[Skiboot] [RFC][PATCH] hmi: clear xscom and unknown bits from HMER

Tue Jun 27 22:32:45 AEST 2017

On Tue, 2017-06-27 at 10:46 +0530, Mahesh Jagannath Salgaonkar wrote:
> On 06/23/2017 05:41 PM, Nicholas Piggin wrote:
> > It has been observed the xscom bit in HMER gets stuck (as-yet
> 
> We see that stuck because opal never clears it after scom read/write.
> The bit is cleared just before the next scom read/write. I am not sure
> what it was left uncleared until next scom read/write kicks in.

Because we don't care ? It should not be enabled in HMEER...
> 
> > unkonwn root cause -- HMEER should disable those exceptions).
> > This causes HMIs to be continually taken.
> > 
> > HMI: Received HMI interrupt: HMER = 0x0040000000000000
> > 
> > Add some attempt to handle this by clearing the HMER and HMEER.
> > 
> > Try to clear HMER for other unknown HMIs (alternative is to not
> > recover).
> 
> I think we should be just ok with clearing out and masking them again.

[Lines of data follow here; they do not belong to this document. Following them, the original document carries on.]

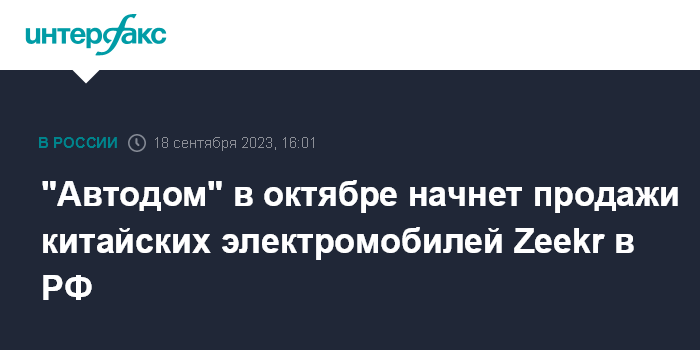 Москва. 18 сентября. INTERFAX.RU - Дилер премиальных автомобильных брендов "Автодом" начинает продажи трех моделей китайских электромобилей Zeekr на российском рынке, сообщила пресс-служба компании.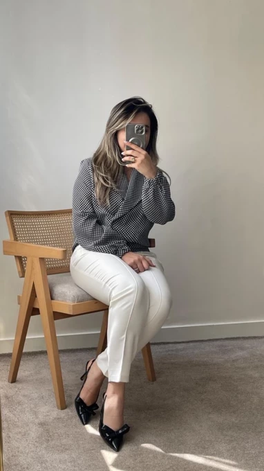 مدل این شومیز یقه آمریکایی و چپ و راستی است.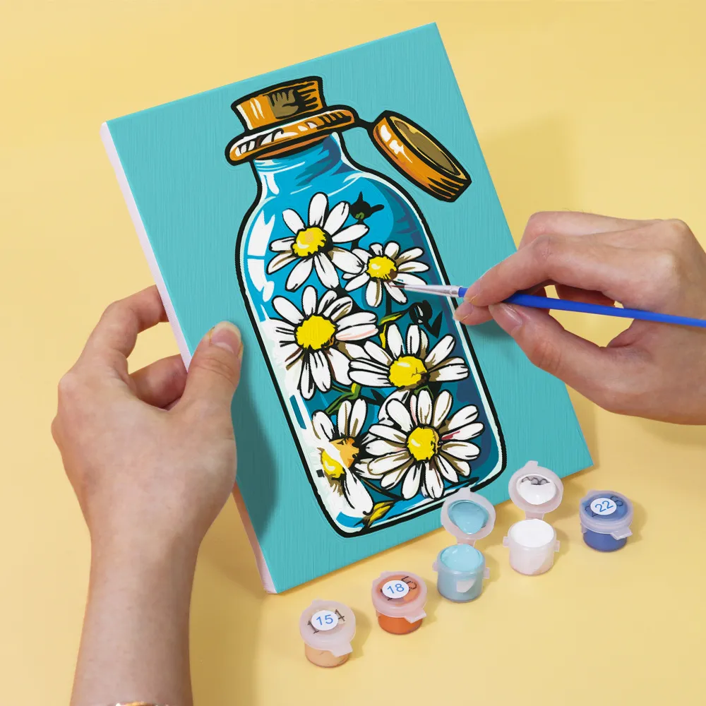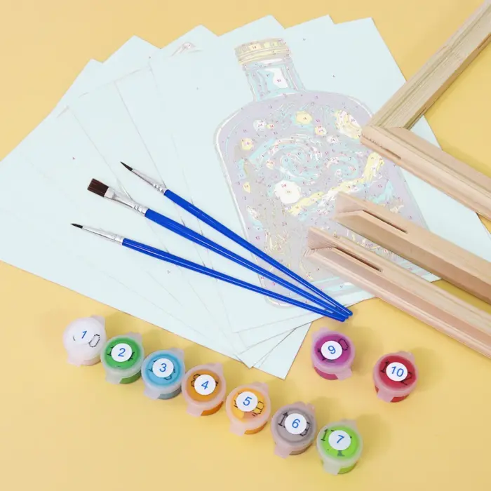 De “Designer Flessen” Mini Schilderen op Nummer set combineert elegantie met creativiteit. Of het nu parfumflesjes, fijne drankflessen of kunstig ontworpen containers zijn – dit motief is een echte blikvanger voor designliefhebbers. Ideaal voor stijlvolle decoratie, creatieve cadeaus, of als een ontspannend doe-het-zelf project. Het voorbedrukte minidoek, hoogwaardige acrylverf en een fijn penseel zorgen voor een gemakkelijke maar expressieve schilderervaring.

Right but we need to understand why we are taking the HMI in the first
place since it's not enabled in HMEER unless something's wrong there.
Is that reproduceable ?

> > 
> > There seems to be no point in continually taking an HMI that will
> > never be handled. By not handling it we already implicitly are
> > trying to "continue" without solving anything aren't we?
> 
> We do handle the ones that could cause harm to system functioning. Rest
> we mask it. Other than xscom related bits we also mask bit 6, 16 and 17
> which does not look harmful. I think we should just mask them again in
> HMEER if we get HMIs for the bits that we already masked.

Ben.

> > 
> > ---
> >  core/hmi.c          | 26 ++++++++++++++++++++++++++
> >  hw/xscom.c          |  5 +----
> >  include/processor.h |  7 +++++++
> >  3 files changed, 34 insertions(+), 4 deletions(-)
> > 
> > diff --git a/core/hmi.c b/core/hmi.c
> > index 84f2c2d6..7ab5810d 100644
> > --- a/core/hmi.c
> > +++ b/core/hmi.c
> > @@ -823,6 +823,32 @@ int handle_hmi_exception(uint64_t hmer, struct OpalHMIEvent *hmi_evt)
> >  		}
> >  	}
> > 
> > +	if (hmer & SPR_HMER_XSCOM_MASK) {
> > +		hmer &= ~SPR_HMER_XSCOM_MASK;
> > +		if (hmi_evt) {
> > +			hmi_evt->severity = OpalHMI_SEV_NO_ERROR;
> > +			hmi_evt->type = OpalHMI_ERROR_XSCOM_DONE;
> > +			queue_hmi_event(hmi_evt, recover);
> > +		}
> > +		sync();
> > +		mtspr(SPR_HMEER, mfspr(SPR_HMEER) & ~(SPR_HMER_XSCOM_FAIL |
> > +							SPR_HMER_XSCOM_DONE))
> > +		isync();
> > +
> > +		prlog(PR_DEBUG, "HMI: Unexpected XSCOM (clearing).\n");
> > +	}
> > +
> > +	if (hmer) {
> > +		hmer = 0;
> > +		if (hmi_evt) {
> > +			hmi_evt->severity = OpalHMI_SEV_WARNING;
> > +			hmi_evt->type = 0; /* Anything sane we can put here? */
> > +			queue_hmi_event(hmi_evt, recover);
> > +		}
> 
> This one is also unexpected, should we clear and mask this as well ?
> Otherwise we would keep getting this HMI and warnings would flood host
> kernel.
> 
> Thanks,
> -Mahesh.